Caveats and Limitations of A/B Testing at Growth Tech Companies

For non-tech industry folks, an “A/B test” is just a randomized controlled trial where you split users or other things into treatment and control groups, and then later compare key metrics across those groups and decide which one performed better, so you can learn whether the treatment or control group is preferable. For the context of this post, I will be talking specifically about end-user testing for some sort of digital application. Also, when I talk about effect sizes, I am talking in terms of percentages, so the assumption is that effects are comparable across different sizes.

Introduction

A/B tests are the gold standard of user testing, but there are a few fundamental limitations to A/B tests:

  1. When evaluating an A/B test, your metrics must be (a) measurable, and (b) actually being measured.
  2. A/B tests apply effects that are (a) on the margin, and (b) within the testing period.
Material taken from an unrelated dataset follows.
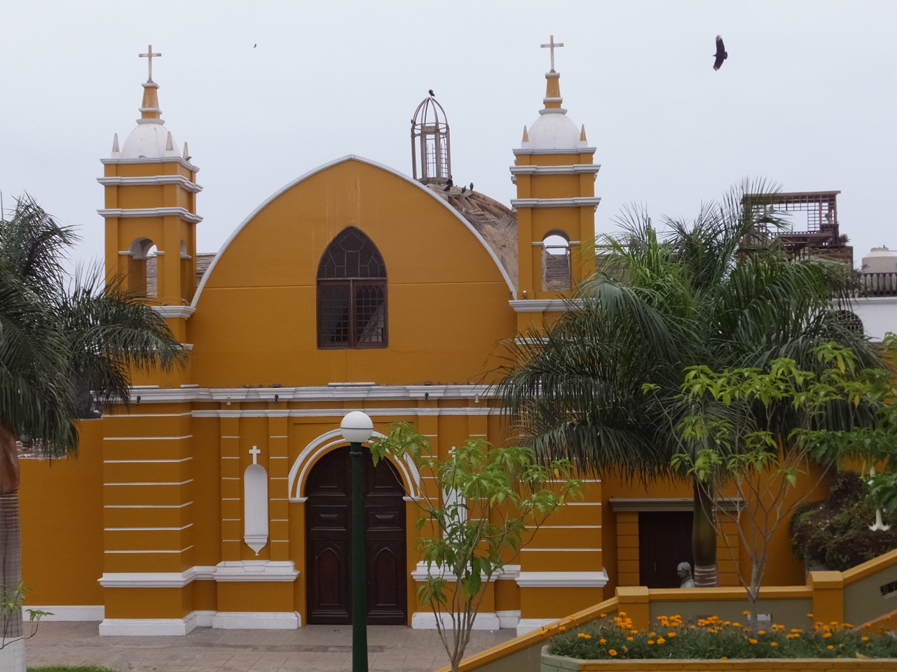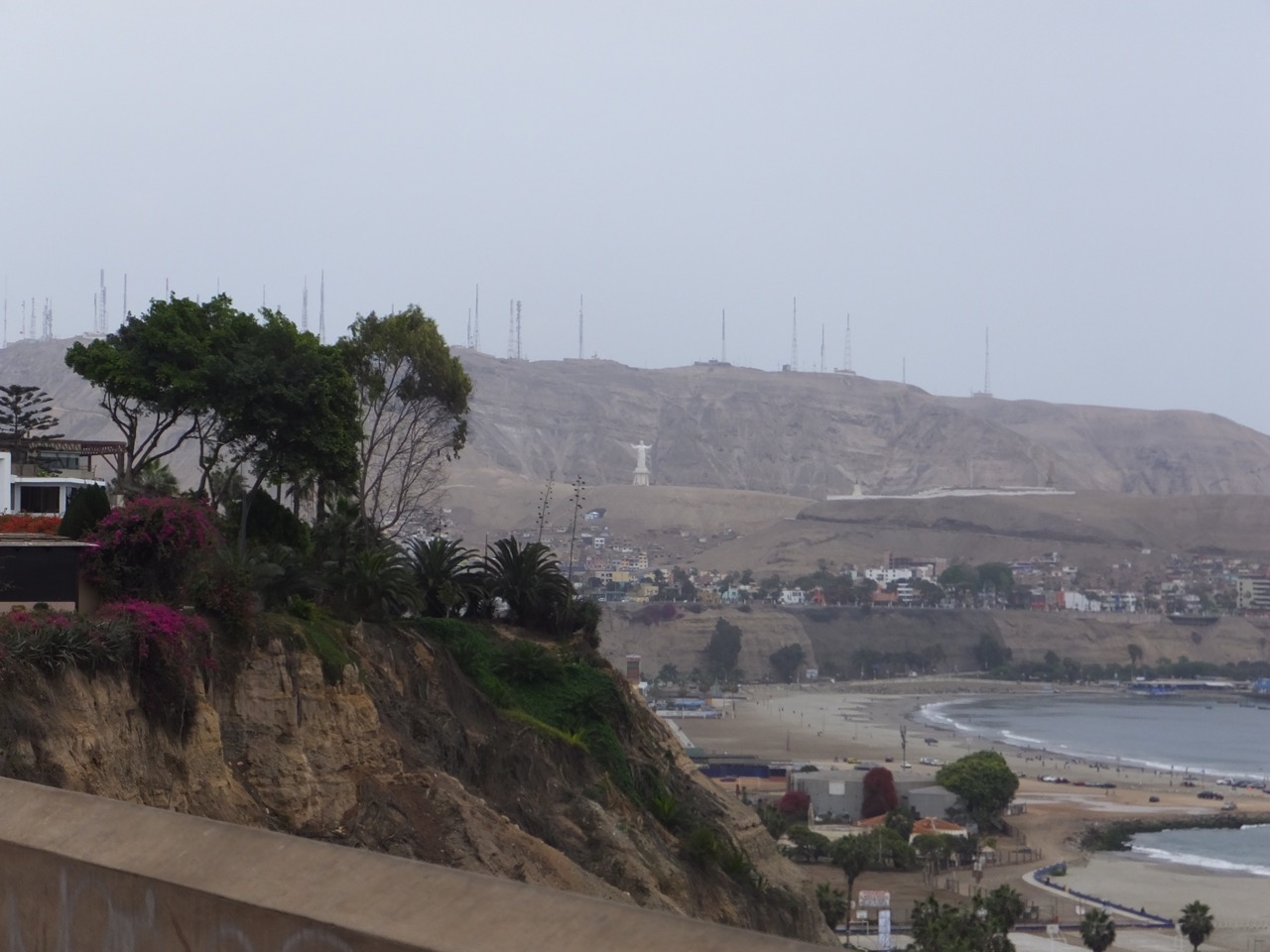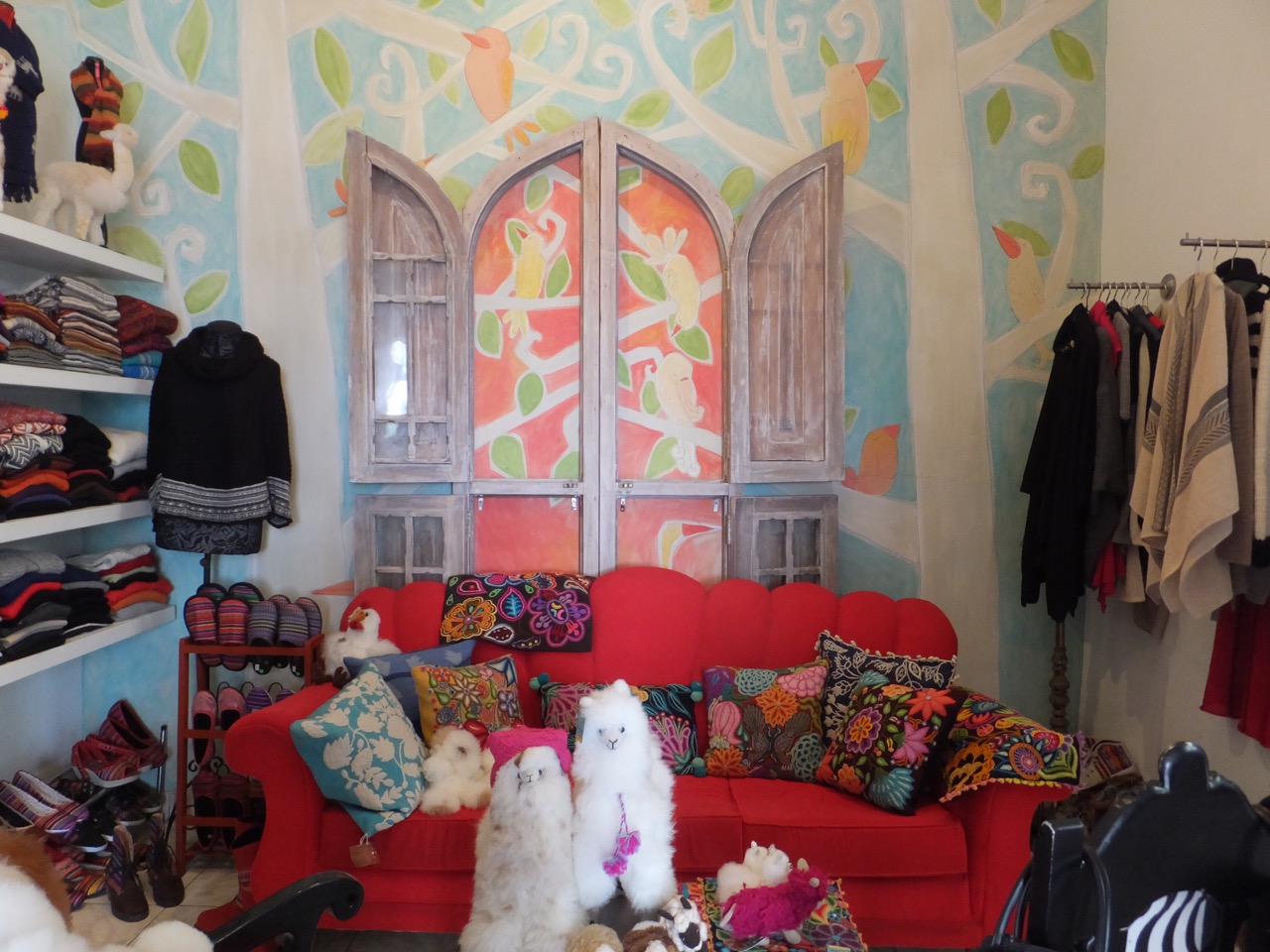 We crossed over into Barranco and made our way to Portico, a lovely shop with quality Peruvian gifts. Portico is not a usual stop on the Southern Lima Beat route, but one of the members in our group wanted to pop in as we were passing and our flexible guides were more than happy to oblige. The shop specialized the kind of souvenirs people imagine you would bring back from Peru instead of the horribly cheap mass-produced tchotchkes that so often find their way into travelers’ suitcases. After ooing and aahing at the fine alpaca sweaters and hand-embroidered shams, we passed some of the classic churches in Barranco, as well as the Puente de Suspiros, or Bridge of Sighs. We also stopped in a hidden alcove behind an apartment complex that looked out onto the beach, sea wall, and the Christ statue. The houses and the gardens nearby looked like they were literally hanging on the cliffs. We chatted about how when earthquakes happen, these properties run the risk of toppling into the sea below — hardly a safe investment, it seems.

Some of these points may seem obvious on their face, but they have pretty important implications that many businesses (specifically managers, and even many folks with “data” in their job titles) fail to consider.

The “TL;DR” version

What people expect is that as an app grows, the sample sizes get larger, so this increases the statistical power of experiments. Additionally, larger denominators in KPIs imply that fixed labor costs are more productive per unit, so even if you see lower effect sizes (on a percentage basis), they become more acceptable when spread out across more users.

Everything above is true, but there are some oft neglected countervailing effects:

  1. Features “cannibalize” one another, or rather they experience diminishing marginal returns as other features get added: \frac{\partial^2{KPI}}{\partial \textrm{quantity of features}^2} < 0
  2. As a consequence of the first point, contemporaneous effects of experimentation may squeeze rapidly toward zero, even if intertemporal effects– which are often stronger anyway– remain non-zero.

The end result is that, at a growth company, it is not unreasonable to find that diminishing effect sizes may decrease the statistical power of experiments (measuring contemporaneous or near-term effects) faster than inflating sample sizes increase statistical power. But critically, this doesn’t mean that the features being tested are “bad.”

While drafting and before publishing, I have confirmed from other data scientists at other companies that they can see a pattern of diminishing effect sizes of A/B tests over time across experiments in aggregate, and have also discussed with them some things in regards to the internal politics surrounding it. That said, everything in this post is ultimately my own opinion and analysis.

Measurable metrics are usually a proxy for immeasurable sentiment

The implications of measurability are that you can’t tell whether users actually enjoy or hate a particular feature if this doesn’t show up in metrics, e.g. they hate the feature but continue to use the app within the period of your testing.

The assumption that churn is a measure for user dissatisfaction is, ultimately, an assumption. It is more likely that contemporaneous churn signifies extreme dissatisfaction, but that minor dissatisfaction may exist without immediately obvious churn.

Some folks may mistakenly believe things like, “if we have enough users, we’ll be able to see the effects.” The mistake here is not really one of sample size, but of timing of the effects: if user dissatisfaction leads to a delayed churn, the test may conclude before the measurable quantity sees a statistically significant effect (even though the immeasurable effect, i.e. sentiment, was immediate).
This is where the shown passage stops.